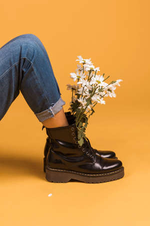 Womans feet in black leather boots with polka dot tights and yellow socks
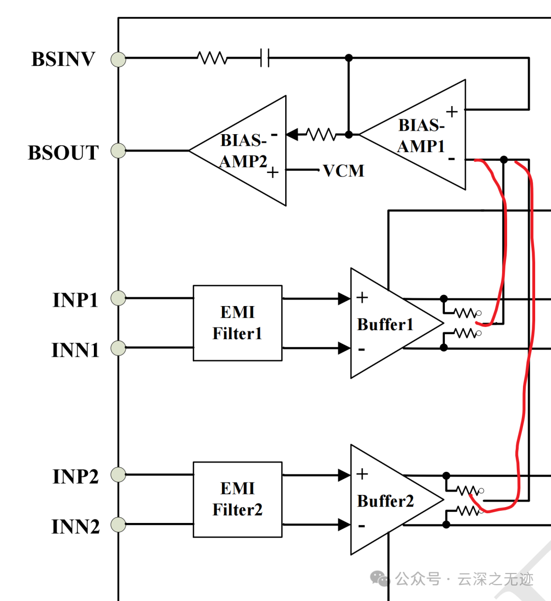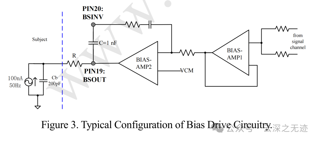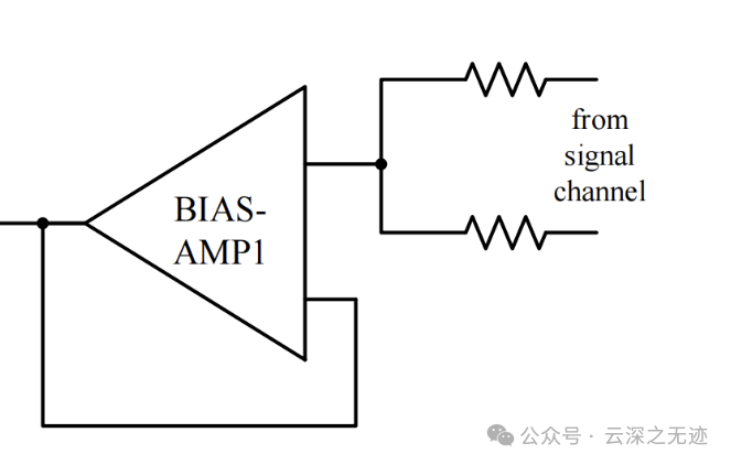 偏置放大器(BIAS-AMP)对两个输入端(BSIN+和BSIN-)的信号进行差分放大,得到共模信号。
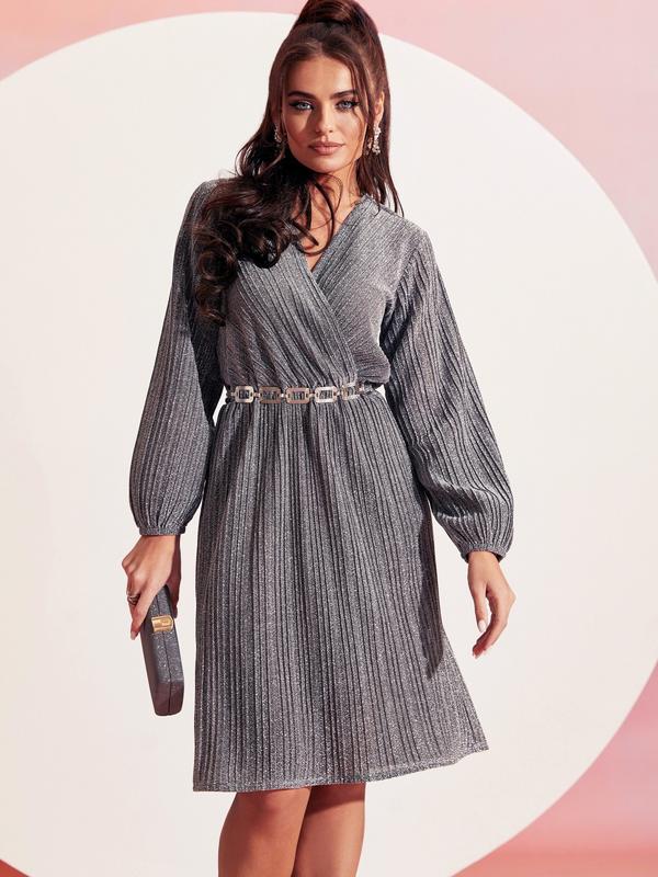 Вечернее платье с нитью люрекс. Модель с фиксированным запахом по груди и эластичной деталью по талии. Манжет рукава на резинке. Без поясу в комплекті.
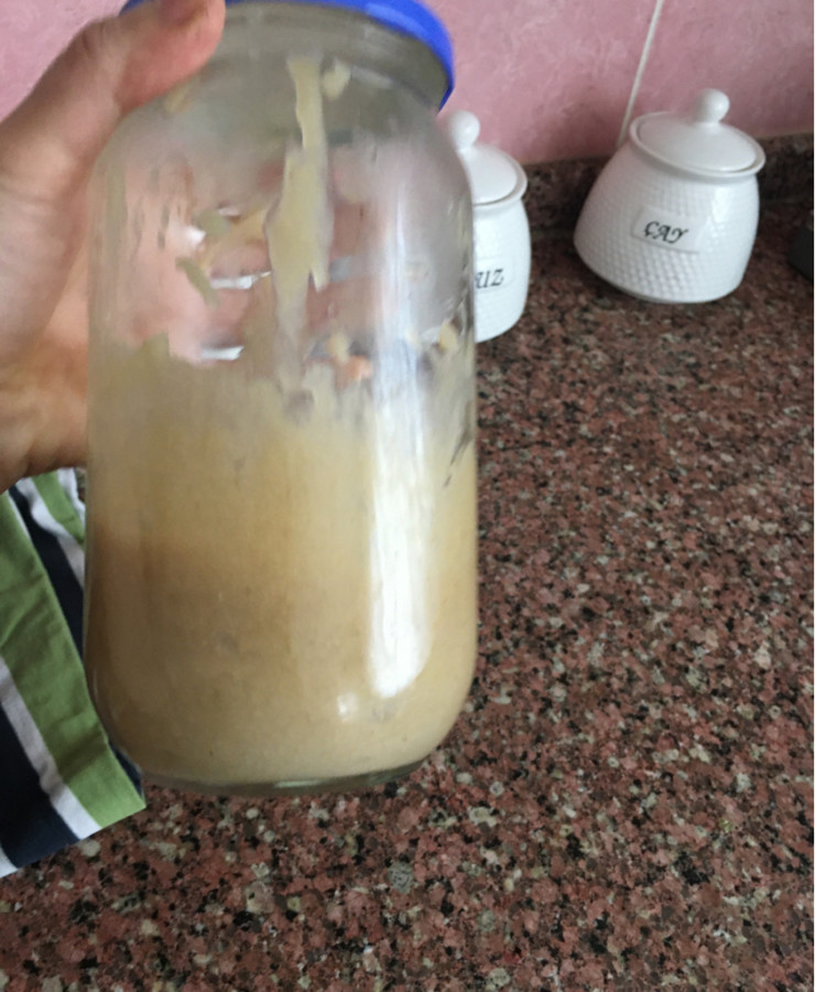 - Üçüncü günün sonunda çok ince delikli, plastik bir süzgeçle süzüp (yaklaşık 2-3 yemek kaşığı posa çıkacak, posayı yiyebilirsiniz) bir şişeye alın,
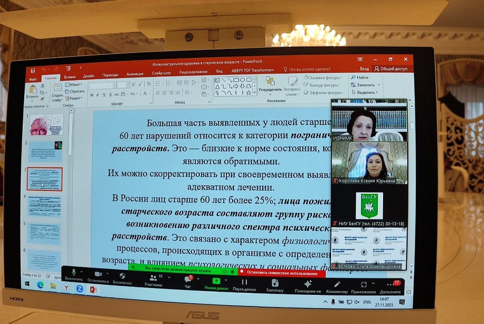 По традиции конференция включала мастер-классы по профилактике стресса и профессионального выгорания от доцента кафедры социальной работы Ирины Волошиной и по профилактике когнитивных нарушений от руководителя вебинар-студии «Лаборатория социальных проектов» ИОНиМК НИУ «БелГУ» Ирины Свищевой.
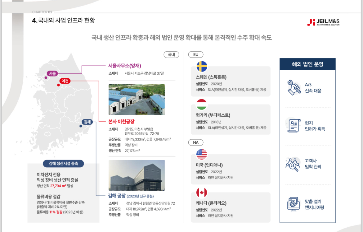 제일엠앤에스 국내외 사업 인프라 현황입니다.
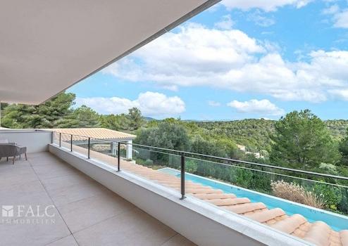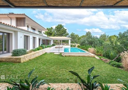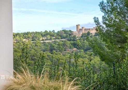 Mediterrane Villa mit Pool und Blick auf das Bellver Schloss in Bonanova
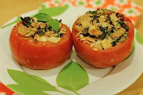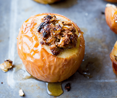 Apples, hollowed out and stuffed with an herb, chicken and cranberry stuffing, baked until golden brown.
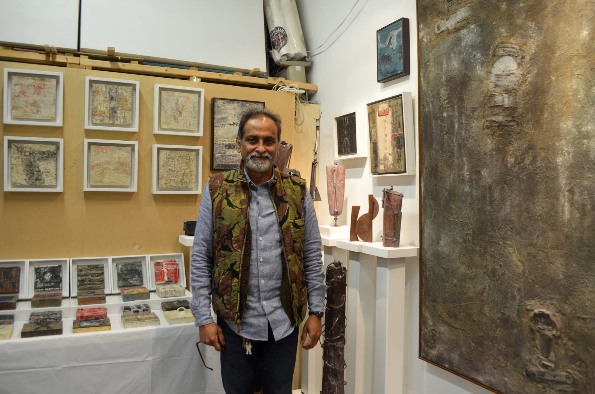 Artist Niamul Bari, who rents a space from the nearby J&M Studios, chronicles his emotions in wax and thick oil paintings with marble, sawdust, and pigment. One of the works in his studio, he said, incorporates Bangladeshi architecture with the textures of New York City streets. Having trained in ceramics in his home country of Bangladesh, in sculpture in India, and in painting in the United States, Bari leaves his multimedia works untitled to avoid forcing viewers into a particular interpretation.
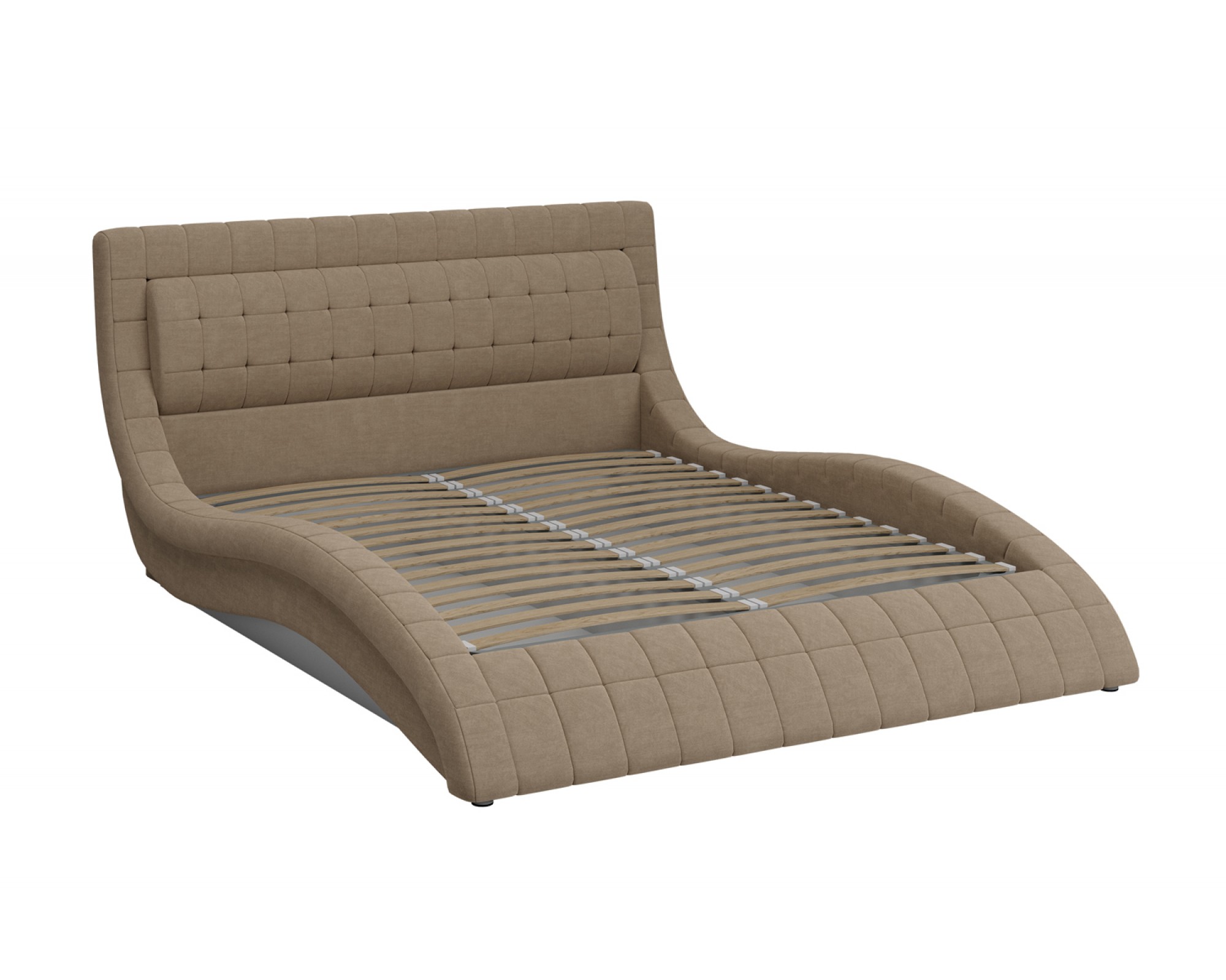 Мягкая обивка изголовья и основного каркаса. Цвет: бежевый.
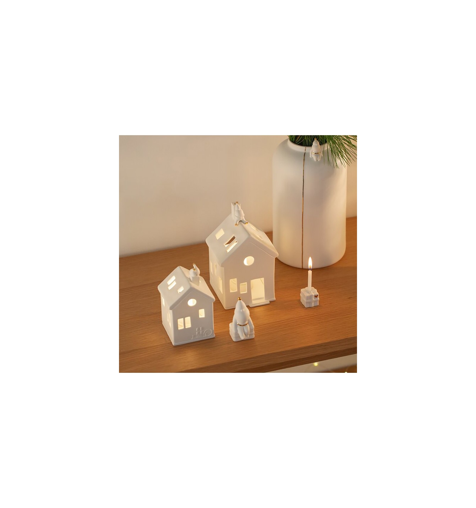 En porcelaine non-émaillée, ce photophore en forme de maison diffuse une douce lumière.
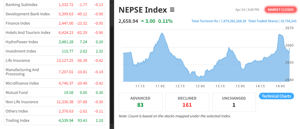 काठमाण्डौ । साताको अन्तिम कारोबार दिन नेप्से परिसूचक सामान्य अङ्कले बढेर कारोबार बन्द भएको छ । पछिल्ला ४ कारोबार दिन लगातार गिरावट भएको नेप्से...

■ TASK OBJECTIVE
Copy out exactly the lines from the one with "En porcelaine non-émaillée, ce" through the end of the listing, both ends included, omitting any picture.

■ SOLUTION
 En porcelaine non-émaillée, ce photophore en forme de maison diffuse une douce lumière.
 काठमाण्डौ । साताको अन्तिम कारोबार दिन नेप्से परिसूचक सामान्य अङ्कले बढेर कारोबार बन्द भएको छ । पछिल्ला ४ कारोबार दिन लगातार गिरावट भएको नेप्से...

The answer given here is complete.